By Rabbi Marvin Hier, SWC Founder and Dean
As the head of the Simon Wiesenthal Center, I’ve lead many missions to Holocaust sites, all terribly sad and emotionally draining but educationally meaningful. The exception, I promised myself that I would never return too was Wannsee. That palatial house still sitting on the outskirts of Berlin where on January 20, 1942 fourteen high ranking Nazi officials,six of them with PhDs from leading German University’s sat down to plan the ‘final solution’, the extermination of all of Europe’s Jews, amongst them members of my family. There sat not street goons but educated intellectuals who even toasted each other on their great accomplishment. As Heinrich Himmler, one of the most powerful man at that time put it some months later, “I want to talk to you ...on a very grave matter...the extermination of the Jewish race...most of you know what it means when one hundred corpses are lying side by side...to have remained decent fellows...this is a page of glory in our history….”
Although the Nazi surrender to the Allies formally ending World War II took place on May 8th, 1945, for Adolf Hitler it really ended on this day, 76 years ago, on July 20, 1944, the day Colonel Claus Von Staufenberg planted a bomb in the Nazi leaders conference room in the Fuhrerbunker in Berlin. The bomb was pushed away at the last minute by one of the attendees allowing Hitler to escape with only a slight wound. But, truth be told, that day ended Hitler’s reign. From then on, reeling from the successful Allied landings in Normandy, Hitler knew his end was near. Never again would he able to trust even his closest aides or feel secure enough to attempt a good nights sleep. Indeed from that day on, Adolf Hitler never again addressed the German people at a public rally anywhere in Germany. The man who loved the Zeig Heils from the masses would never hear them again. How ironic it is that Hitler’s most guarded secret was the meeting in Wannsee to exterminate Europe’s Jews.
Stauffenberg, left, with Hitler (centre) and Wilhelm Keitel, right, in an aborted attempt at Rastenburg on 15 July 1944.

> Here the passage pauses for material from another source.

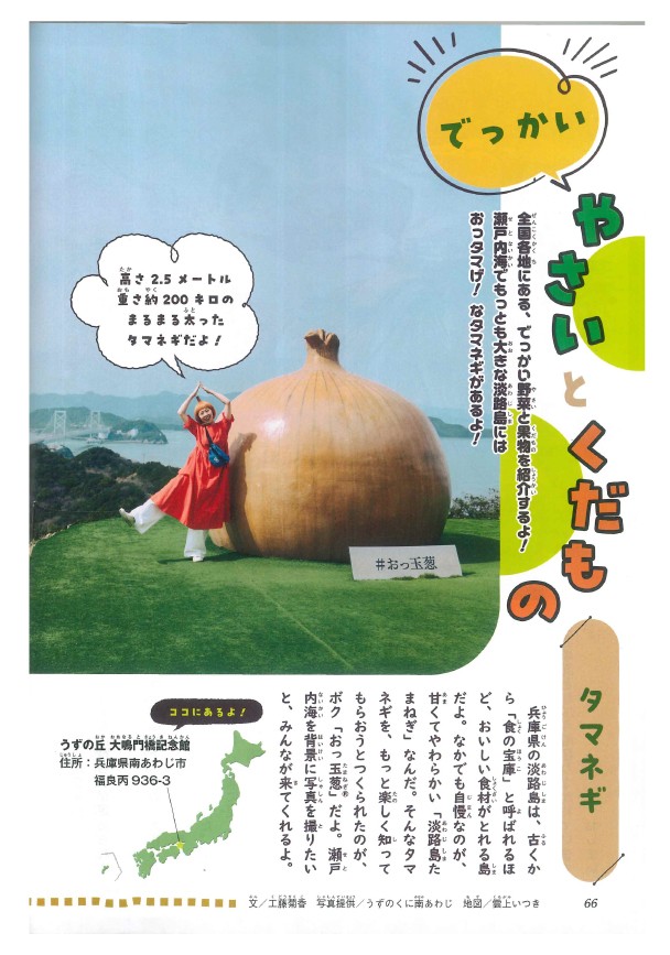Awaji Island in Hyogo Prefecture has long been called a "treasure house of food" because of the delicious ingredients it produces. The island is especially proud of its sweet and tender Awaji Island onions. I created "O-O-Onion®" to help people learn more about onions in a fun way. People come to take pictures with the Seto Inland Sea in the background.

As destiny would have it, a few weeks after D-Day in July of 1944, Claus Von Stauffenberg held many meetings in his home planning Hitler’s assassination, the very same home located in the city of Wannasee, where the destruction of the Jewish people had been planned a few years earlier. At 6 AM on July 20, he left to carry out the sacred mission of ending the reign of the most notorious murderer in the history of humankind.